Key to Being a Construction Estimator – Avoid Assumptions
Developing an accurate estimate is a key skill required by any company looking to be successful in the construction industry. Without the ability to estimate accurately, companies cannot compete in the highly competitive business environment that most find themselves in.
Poor quality estimates result in one of two outcomes. Pricing will be either too low which will lead to financial losses. Or, their pricing will be too high which will result in not winning enough projects. Either way, pricing that is consistently too high or too low will quickly force the company out of business.
A major cause of poor quality estimates for estimators and their employers is the avoidable habit of making assumptions. For many reasons, estimators make assumptions regarding different aspects of a project that they are estimating. This amounts to a guess in most situations, and depending on the magnitude of the guess these assumptions can lead to major losses on a project.
So, how can companies and their estimators avoid the assumptions trap?
Begin the Estimate with an Accurate Take-Off
In many ways, the success of a company in the construction industry is directly tied to its ability to develop a good estimate. And a good estimate begins with an accurate take-off. Whether the take-off is done from plans and specifications or it is done at the project site, it is comparable to a starting block in a sprint race. If you don’t get out of the starting blocks correctly, it is hard to contend for the win.
“If you don’t get out of the starting blocks correctly, it is hard to contend for the win.”
The assumption trap threatens a company’s ability to get out of the starting blocks correctly. In order to avoid the assumption trap, an estimator needs to understand the information that the company needs to gather in order to develop an accurate estimate. Companies need to train their estimators on the information that is needed and how to gather that information. By showing the estimator how critical the information is to the company, the estimator will be more likely to gather the information while completing the take-off.

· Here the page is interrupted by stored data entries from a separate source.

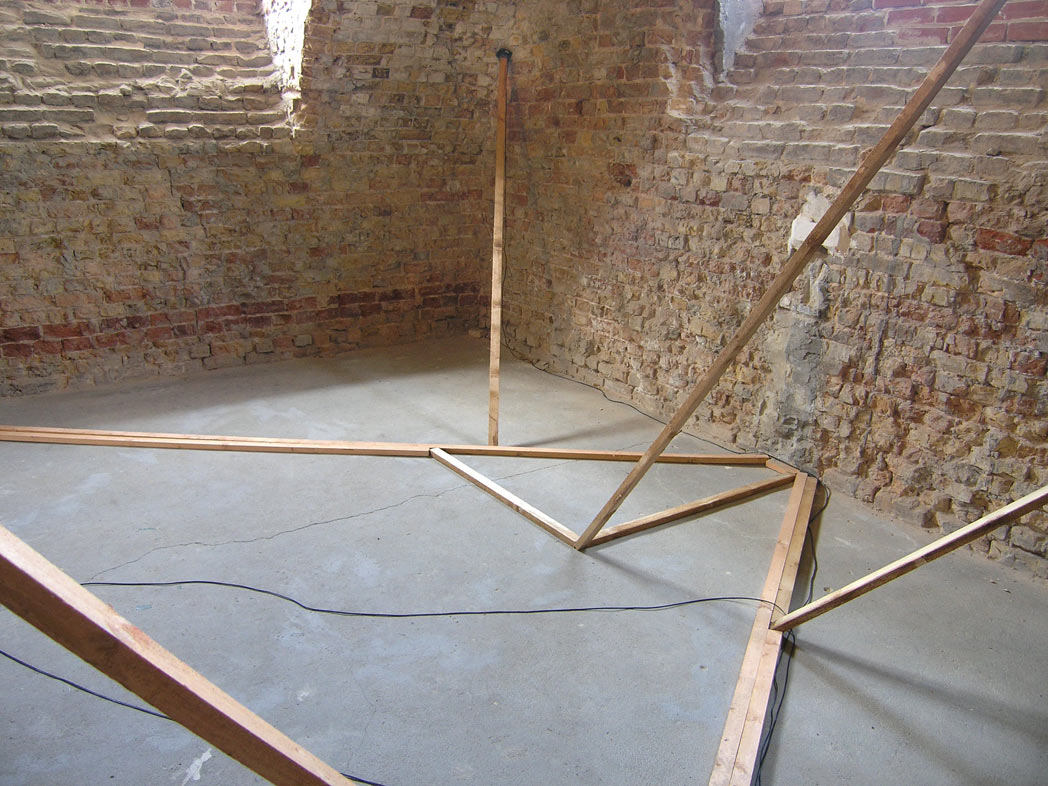 in die länge gezogener Geistesblitz Installation – wood, silicone strings, speaker cable, 10 loudspeakers, 5 stereo sound tracks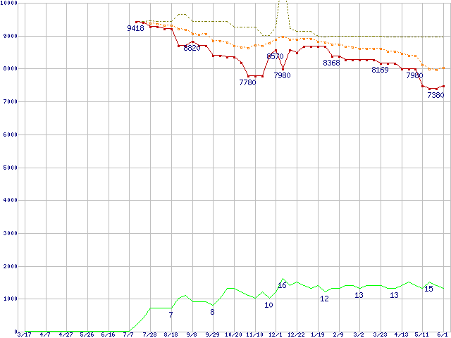 | WD1600JS (160GB)の価格推移 | | | (2005年3月17日~2006年6月1日) |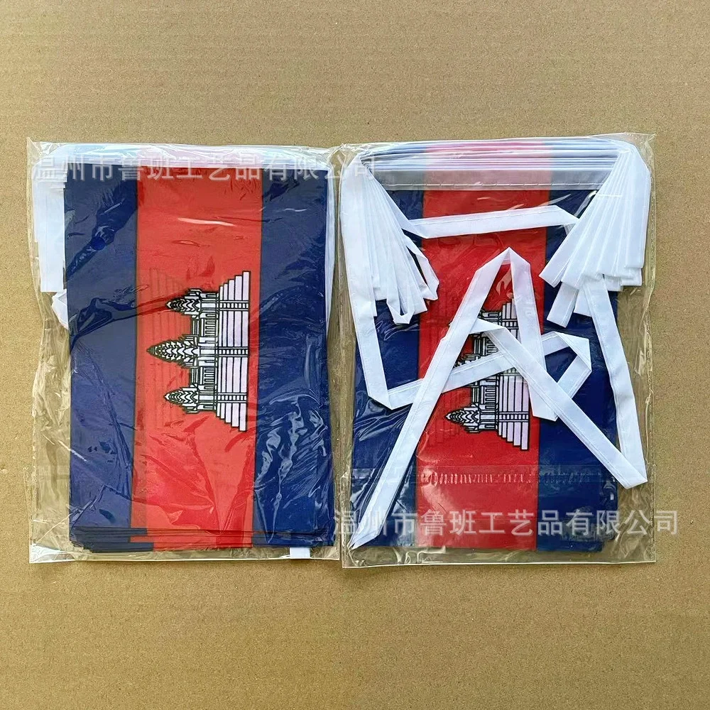 Banderas de mordeo de Camboya SKY FLAG, 14x21cm, 20 unids/lote, banderas de cuerda de Camboya, banderín para decoración de fiestas y festivales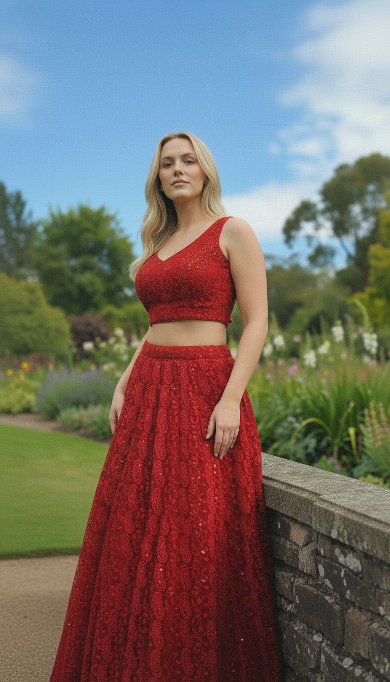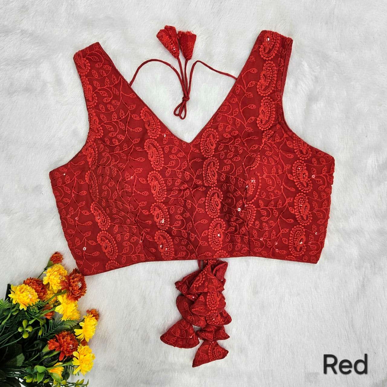 Vistavelle Red Color V-Neck PR Chikankari Georgette Digital Blouse

Use the Estimate throughout the Entire Project
A good site take-off leads to an accurate and competitive estimate, which, in turn, will lead to winning more projects. However, once the project is won, the work on the actual project has just begun. Project estimates become critical tools that can be used for managing a project from start-up to final completion. Inaccurate estimates make project management more difficult.
A good estimate will continue to be used as a tool for the following:
- Project management and job planning.
- Project buy-out and material purchasing.
- De-scoping subcontractors.
- Accounting functions including billing and WIP adjustments.
When the estimate is used as a management tool, there is a greater chance to catch areas where assumptions and guesses were used to develop the estimate. This will encourage estimators to gather the information accurately if they know that their team members throughout the company will be using the estimate as a tool to manage the project.
Assume Assumptions are Being Made
The process of developing an estimate for a construction project requires the estimator to use their intuition in order to develop the estimate. Intuition is defined as the ability to understand something immediately without the need for conscious reasoning. It is something that develops as a result of experiences which estimators accumulate over time.
The danger occurs when intuition causes an estimator to make assumptions. The estimator creates an ad hoc relationship between a perceived condition and the result of that condition. They fail to check their assumption and therefore base their estimate on their perceptions. They fail to check their facts.
The best way to avoid this pitfall is to assume that an assumption is being made. Estimators need to question their assumptions and if possible walk those assumptions back one step. They need to check their thoughts and if they are correct, then they can proceed from that point.
Assumptions are the Achilles Heel of a construction estimator. For many reasons, estimators can grow complacent in their responsibilities. But more often, estimators are extremely busy attempting to develop good estimates. This busyness can create collateral damage in the form of assumptions. The estimator makes assumptions in order to get their work done, which opens the company up to potential losses as a result of these assumptions.
Encourage estimators to guard against the temptation of making assumptions. Communicate with the estimators and prompt them to think about their projects and where they are making assumptions. There is no time like the present to find the assumptions with bids, before the bid is submitted.